(Requirement)
An exact copy of all the data is required, with pictures left out.

(Dataset content)
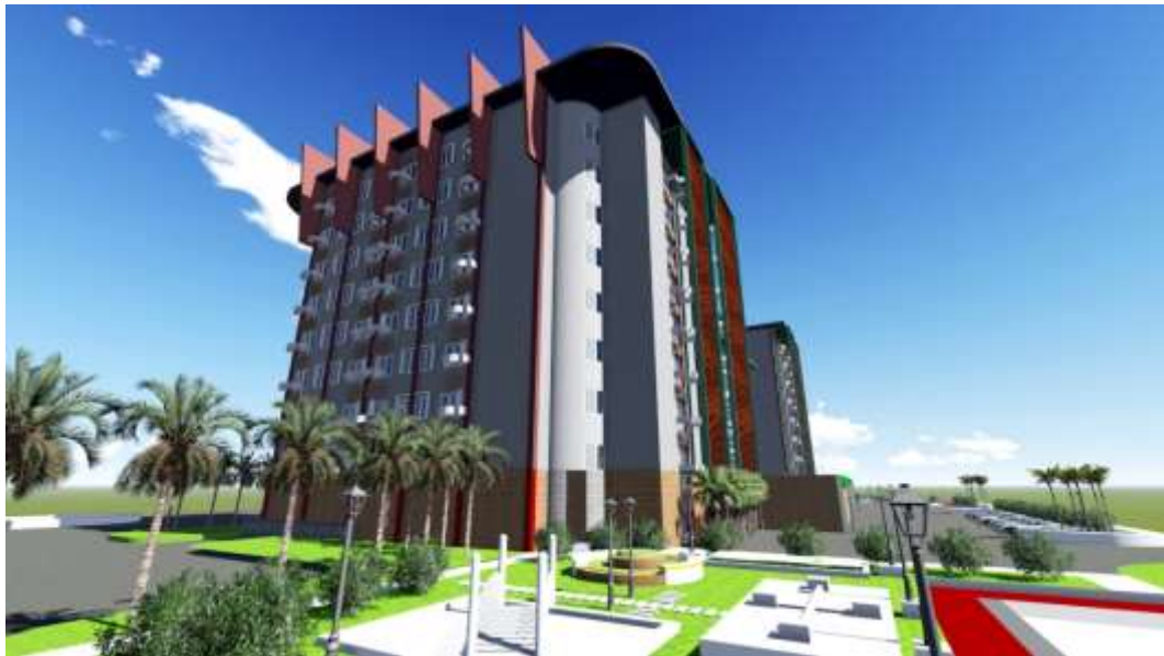
Gambar 3.6.1 Tampak samping Fleurette Apartment
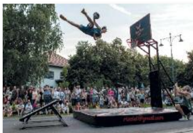
Az akrobatikus kosárlabda bemutató nagy sikert aratott

céllövölde, logikai sátor, kreatív foglalkozás, valamint babirodalom.
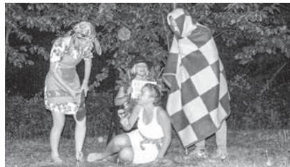
Latgāliešu tautasdziesmu Rūžeņa Daina, Anna, Mona un Jēkabs pasniedza pilnīgi jaunā versijā!
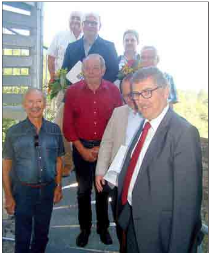
Die diesjährigen Preisträger mit dem Landrat.
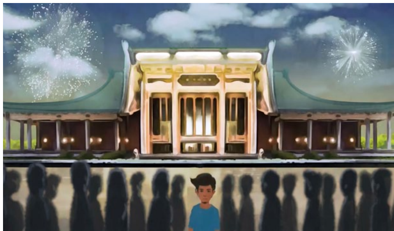
燦爛的煙火，點點落成角落裡的我們。

延續到今天，我們應該都一直秉持著同樣的信念，努力保存原住民族的傳統及語言，並讓原住民的文化發揚光大，也因此我們舉辦了第一屆的台北市族語配音人才培訓班，希望這幾代的原住民青年們，也能夠傳承自身的傳統文化、學習自己的族語，並且結合專業的配音技能，培養更多元廣泛的興趣，創造更多的就業機會。
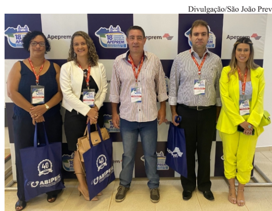
Congresso: equipe do São João Prev presente em Águas de Lindóia
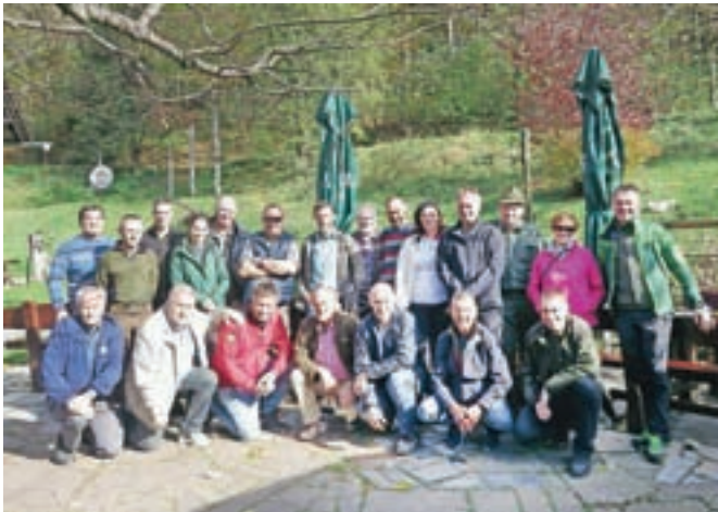
Udeleženci srečanja – posveta na Kraljevem hribu

like Plečnikove stvaritve – lovskega dvorca, Predaslja, Brsnikov in nekaterih drugih delov bistriškega gozda. Končalo se je pri Planinskem orlu z odlično malico. Poleg same predstavitve delovanja MKK so ves čas potekali tudi zelo zanimivi pogovori in izmenjava izkušenj ter mnenj glede vračanja in odškodnin, o denacionalizaciji, možnih odškodninah, problemih upravljanja gozdov in podobnem. Precej je bilo govora tudi o pripravi novega zakona o lovstvu, po katerem naj bi bilo enostavneje pridobiti pravico do svojega lovišča, ki ga sicer mogoče imeti tudi sedaj, a pod pogojem, da se upravlja več kot dva tisoč hektarov ustreznih površin.
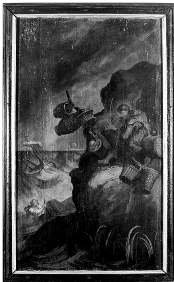
1. Huetter Lukács: Szent Martinianus, 1749–1760 között. Fa, olaj. Az egi irlalmas rendház ablaktáblájának részlete

Az ablaktáblán Evagrius egyszerű kunyhójában, íróasztalánál ül egy fonott karosszékben, és egy nagy, nyitott könyvet tanulmányoz. A kunyhóban könyvek és irattekercesek veszik körül. Az egi festmény a Solitudo sive vitae patrum eremicolarum (1585–1586) című metszetsorozat 19. lapja után készült (4. kép). 9 A rézmetszeten az is látható, hogy Evagrius egy szerzetesekből álló közösséghez tartozott, ahol mindenki egy-egy külön kunyhóban élt. Az egi ablaktáblán – valószínűleg a függőleges
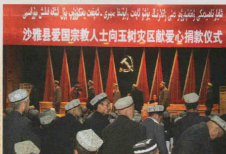
沙雅县爱国宗教人士向玉树灾区献爱心捐款仪式
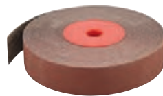
8150 + 8153 format professional quality
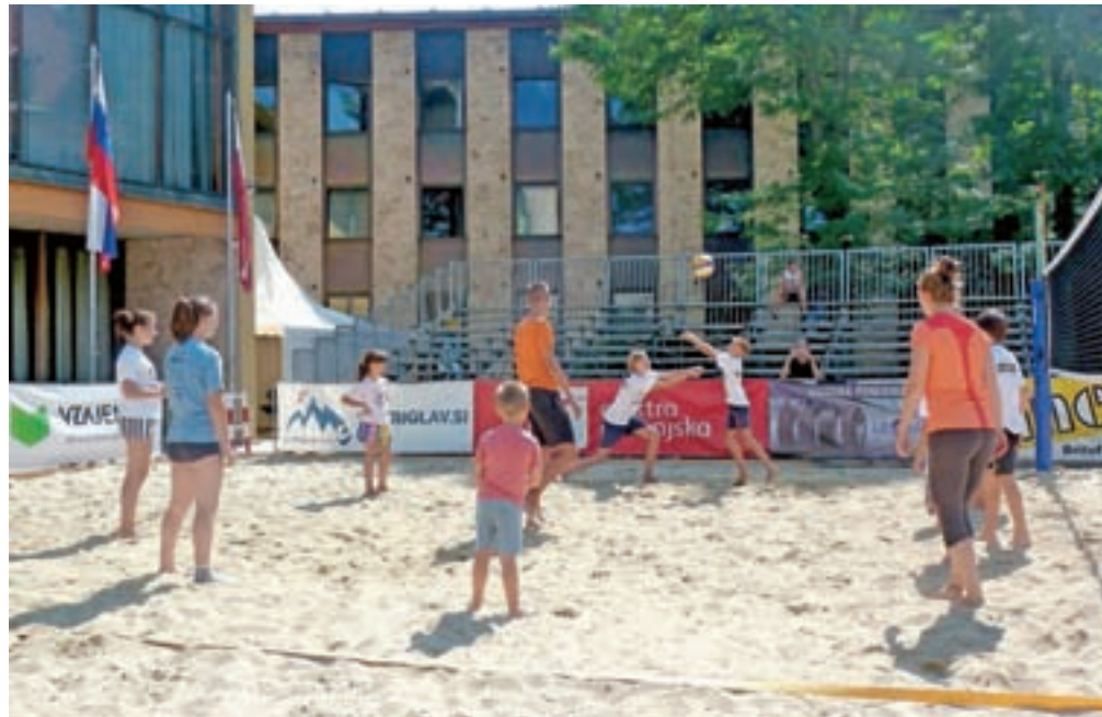
Te dni so se na igrišču pred občinsko stavbo v Kranju zbirali mladi in rekreativci, danes in jutri pa bodo na vrsti tudi obračuni državnega prvenstva v odbojki na mivki.

»Odbojka na mivki je zelo dobra osnova za tehniko in taktiko odbojke v dvorani in hkrati priprava za dvoransko sezono. Zato v klubu mlade spodbujamo, da čim prej začnejo z igranjem. Zanje je to zanimivo in odbojka na mivki je postala del klubskega življenja. Naš klub tudi že tradicionalno pripravljala državno prvenstvo v odbojki na mivki in ob lanskem tekmovanju, ko smo pred občinsko stavbo znova postavili igrišče, nam je župan predlagal, naj pripeljano mivko in igrišče še bolje izkoristimo. Odločili smo se, da letos ne bomo pripravili zgolj rekreativnega turnirja in državnega prvenstva, pač pa smo poskrbeli za več dogodkov, ki smo jih poimenovali
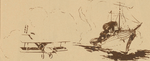
Die Geschwindigkeit eines Flugzeuges

Kein anderer Wagen hat alle diese Eigenschaften aufzuweisen
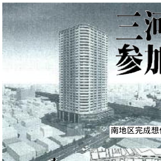
南地区完成想像図
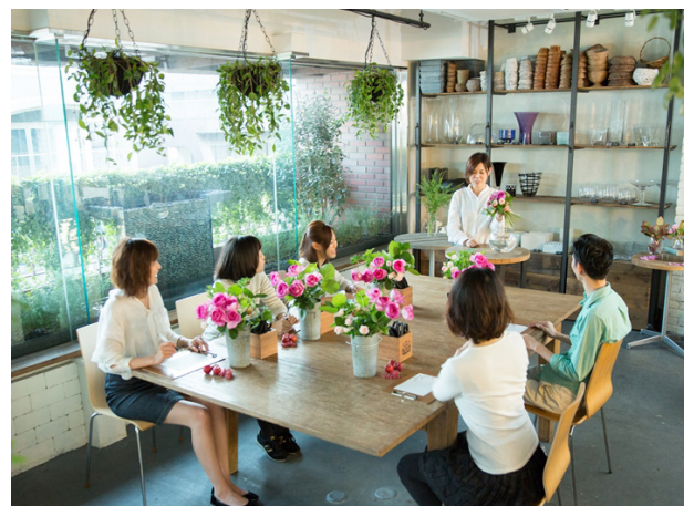
(イメージ) 入居者への講習会
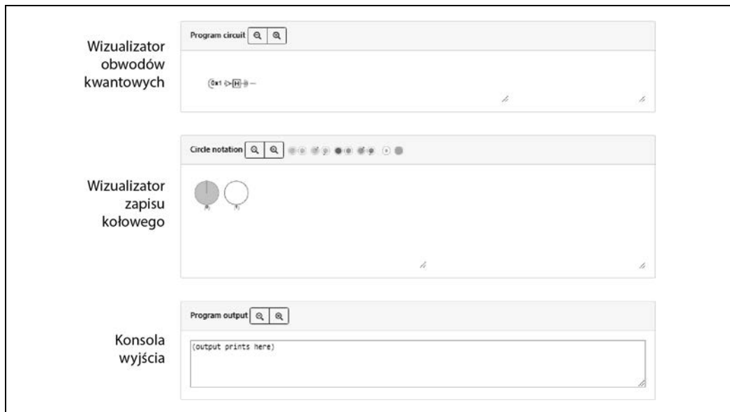
Rysunek 1.2. Elementy interfejsu użytkownika w QCEngine do prezentowania rezultatów QPU
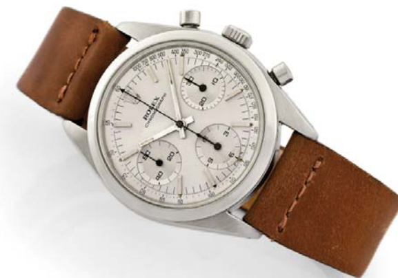
Rolex 6238 pre-Daytona - Questo esemplare è stato venduto a 31250 franchi svizzeri (più di 25.000 €) nel 2012

U no dei fenomeni orologi che maggiormente hanno contribuito al successo di Rolex nel mondo, oltre indiscutibilmente alla miglior politica economico-commerciale, è sicuramente il cronografo Daytona . Snobbato fin dalla nascita, ha incominciato ad essere ricercato, desiderato e pagato oltre il listino solo con l'uscita nel 1987 del modello automatico, il celeberrimo modello 16520 con calibro 4030 di derivazione Zenith. Ripercorrendo la sua storia fin dalle origini, è doveroso citare i modelli 6234/6238 (anche detti Pre-Daytona) che sono i primi modelli ad adottare il calibro Valjoux
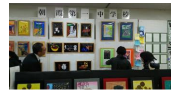
なかよし作品展の開催 (すてきな作品がたくさん!)
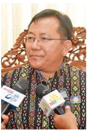
စည်ပင်သာယာရေး၊ လျှပ်စစ်နှင့် စက်မှုလက်မှုဝန်ကြီး ဦးစိုးထက်
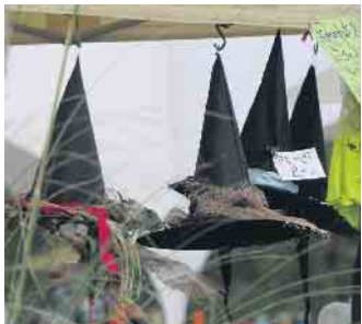
Wer noch auf der Suche nach der richtigen Kopfbedeckung war, wurde im Seepark bestimmt fündig
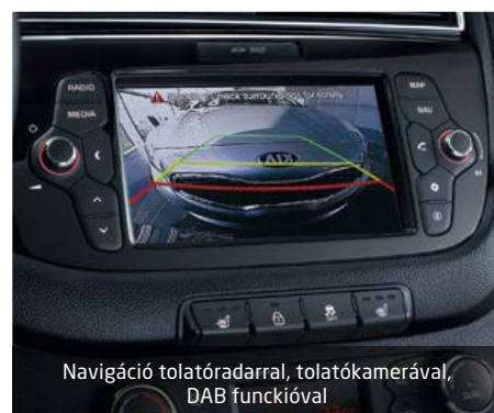
Navigáció tolatóradarral, tolatókamerával, DAB funkcióval
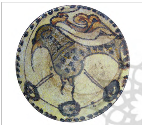
تصویر ۴. بشقاب با نقش پرنده به رنگ حنایی و آکر روی زمینه کرم (موزه مردم شناسی آمل).

جهت اختصار و سهولت ارائه مطالب، جدول ۱ به بررسی ویژگی های ظاهری و نقوش سفال های ساری می پردازد. چنانچه از جدول ۲ برمی آید ردیف نقطه های سفید کنار هم، از ویژگی های منحصر به فرد سفال ساری در قرون مذکور می باشند. نقش مایه تجریدی درخت که هم به عنوان نقش پرکننده و هم به عنوان نقش اصلی بر روی سفالینه ها نقش شده است که از مشخصه های سفال ساری می باشد. وجود نقش ماهی خالدار (مسبک) نیز خاص سفال ساری بوده که در بین شاخ بزکوهی نقش شده است.
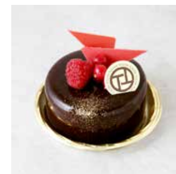
Rubis Chocolat ルビーショコラ
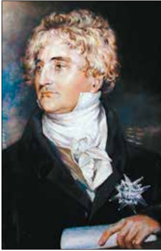
Дюк де Рішельє

1766 року у Франції, в одній із найвідоміших і найшановніших європейських родин. Він здобув блискучу освіту, розмовляв багатьма мовами, зокрема німецькою, англійською, італійською та російською. Діах вступив на військову службу в Росії, на якій завоював велику повагу та надбав дуже хорошу репутацію. Його дуже часто допускали до кола радників Катерини II, чоловік та-
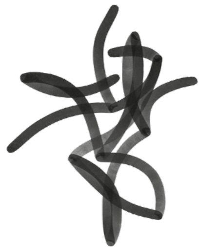
12 Geitel: Knäuel, Tuchezeichnungen
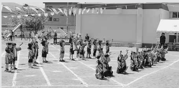
▲ 運動会を締めくくるYOSAKOIソーランの演舞。
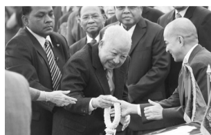
2012年，西哈努克前往中国进行健康检查。
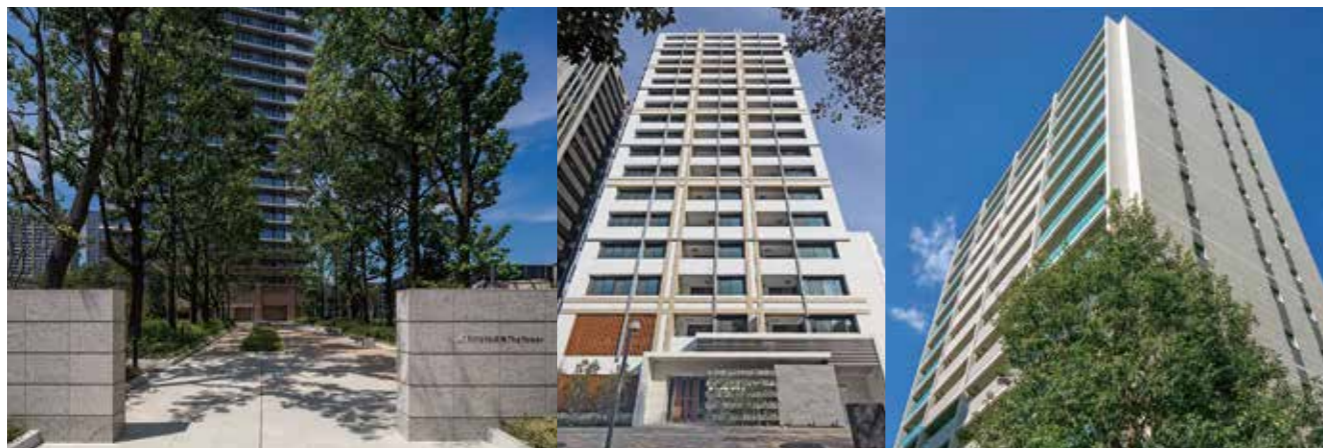
hitoto広島 The Tower

中国エリアでの分譲マンション事業開始は1974年(昭和49年)。地元根差し、時代に先駆けた新しい暮らしを提案してまいりました。時と共に価値を高めていく「経年優化」の思想のもと、一邸一邸に想いを込めて、今後も次代のスタンダードとなるすまいを創造し続けてまいります。

(Output for this task)
Gambar 3.6.1 Tampak samping Fleurette Apartment
Az akrobatikus kosárlabda bemutató nagy sikert aratott

céllövölde, logikai sátor, kreatív foglalkozás, valamint babirodalom.
Latgāliešu tautasdziesmu Rūžeņa Daina, Anna, Mona un Jēkabs pasniedza pilnīgi jaunā versijā!
Die diesjährigen Preisträger mit dem Landrat.
燦爛的煙火，點點落成角落裡的我們。

延續到今天，我們應該都一直秉持著同樣的信念，努力保存原住民族的傳統及語言，並讓原住民的文化發揚光大，也因此我們舉辦了第一屆的台北市族語配音人才培訓班，希望這幾代的原住民青年們，也能夠傳承自身的傳統文化、學習自己的族語，並且結合專業的配音技能，培養更多元廣泛的興趣，創造更多的就業機會。
Congresso: equipe do São João Prev presente em Águas de Lindóia
Udeleženci srečanja – posveta na Kraljevem hribu

like Plečnikove stvaritve – lovskega dvorca, Predaslja, Brsnikov in nekaterih drugih delov bistriškega gozda. Končalo se je pri Planinskem orlu z odlično malico. Poleg same predstavitve delovanja MKK so ves čas potekali tudi zelo zanimivi pogovori in izmenjava izkušenj ter mnenj glede vračanja in odškodnin, o denacionalizaciji, možnih odškodninah, problemih upravljanja gozdov in podobnem. Precej je bilo govora tudi o pripravi novega zakona o lovstvu, po katerem naj bi bilo enostavneje pridobiti pravico do svojega lovišča, ki ga sicer mogoče imeti tudi sedaj, a pod pogojem, da se upravlja več kot dva tisoč hektarov ustreznih površin.
1. Huetter Lukács: Szent Martinianus, 1749–1760 között. Fa, olaj. Az egi irlalmas rendház ablaktáblájának részlete

Az ablaktáblán Evagrius egyszerű kunyhójában, íróasztalánál ül egy fonott karosszékben, és egy nagy, nyitott könyvet tanulmányoz. A kunyhóban könyvek és irattekercesek veszik körül. Az egi festmény a Solitudo sive vitae patrum eremicolarum (1585–1586) című metszetsorozat 19. lapja után készült (4. kép). 9 A rézmetszeten az is látható, hogy Evagrius egy szerzetesekből álló közösséghez tartozott, ahol mindenki egy-egy külön kunyhóban élt. Az egi ablaktáblán – valószínűleg a függőleges
沙雅县爱国宗教人士向玉树灾区献爱心捐款仪式
8150 + 8153 format professional quality
Te dni so se na igrišču pred občinsko stavbo v Kranju zbirali mladi in rekreativci, danes in jutri pa bodo na vrsti tudi obračuni državnega prvenstva v odbojki na mivki.

»Odbojka na mivki je zelo dobra osnova za tehniko in taktiko odbojke v dvorani in hkrati priprava za dvoransko sezono. Zato v klubu mlade spodbujamo, da čim prej začnejo z igranjem. Zanje je to zanimivo in odbojka na mivki je postala del klubskega življenja. Naš klub tudi že tradicionalno pripravljala državno prvenstvo v odbojki na mivki in ob lanskem tekmovanju, ko smo pred občinsko stavbo znova postavili igrišče, nam je župan predlagal, naj pripeljano mivko in igrišče še bolje izkoristimo. Odločili smo se, da letos ne bomo pripravili zgolj rekreativnega turnirja in državnega prvenstva, pač pa smo poskrbeli za več dogodkov, ki smo jih poimenovali
Die Geschwindigkeit eines Flugzeuges

Kein anderer Wagen hat alle diese Eigenschaften aufzuweisen
南地区完成想像図
(イメージ) 入居者への講習会
Rysunek 1.2. Elementy interfejsu użytkownika w QCEngine do prezentowania rezultatów QPU
Rolex 6238 pre-Daytona - Questo esemplare è stato venduto a 31250 franchi svizzeri (più di 25.000 €) nel 2012

U no dei fenomeni orologi che maggiormente hanno contribuito al successo di Rolex nel mondo, oltre indiscutibilmente alla miglior politica economico-commerciale, è sicuramente il cronografo Daytona . Snobbato fin dalla nascita, ha incominciato ad essere ricercato, desiderato e pagato oltre il listino solo con l'uscita nel 1987 del modello automatico, il celeberrimo modello 16520 con calibro 4030 di derivazione Zenith. Ripercorrendo la sua storia fin dalle origini, è doveroso citare i modelli 6234/6238 (anche detti Pre-Daytona) che sono i primi modelli ad adottare il calibro Valjoux
なかよし作品展の開催 (すてきな作品がたくさん!)
စည်ပင်သာယာရေး၊ လျှပ်စစ်နှင့် စက်မှုလက်မှုဝန်ကြီး ဦးစိုးထက်
Wer noch auf der Suche nach der richtigen Kopfbedeckung war, wurde im Seepark bestimmt fündig
Navigáció tolatóradarral, tolatókamerával, DAB funkcióval
تصویر ۴. بشقاب با نقش پرنده به رنگ حنایی و آکر روی زمینه کرم (موزه مردم شناسی آمل).

جهت اختصار و سهولت ارائه مطالب، جدول ۱ به بررسی ویژگی های ظاهری و نقوش سفال های ساری می پردازد. چنانچه از جدول ۲ برمی آید ردیف نقطه های سفید کنار هم، از ویژگی های منحصر به فرد سفال ساری در قرون مذکور می باشند. نقش مایه تجریدی درخت که هم به عنوان نقش پرکننده و هم به عنوان نقش اصلی بر روی سفالینه ها نقش شده است که از مشخصه های سفال ساری می باشد. وجود نقش ماهی خالدار (مسبک) نیز خاص سفال ساری بوده که در بین شاخ بزکوهی نقش شده است.
Rubis Chocolat ルビーショコラ
Дюк де Рішельє

1766 року у Франції, в одній із найвідоміших і найшановніших європейських родин. Він здобув блискучу освіту, розмовляв багатьма мовами, зокрема німецькою, англійською, італійською та російською. Діах вступив на військову службу в Росії, на якій завоював велику повагу та надбав дуже хорошу репутацію. Його дуже часто допускали до кола радників Катерини II, чоловік та-
12 Geitel: Knäuel, Tuchezeichnungen
▲ 運動会を締めくくるYOSAKOIソーランの演舞。
2012年，西哈努克前往中国进行健康检查。
hitoto広島 The Tower

中国エリアでの分譲マンション事業開始は1974年(昭和49年)。地元根差し、時代に先駆けた新しい暮らしを提案してまいりました。時と共に価値を高めていく「経年優化」の思想のもと、一邸一邸に想いを込めて、今後も次代のスタンダードとなるすまいを創造し続けてまいります。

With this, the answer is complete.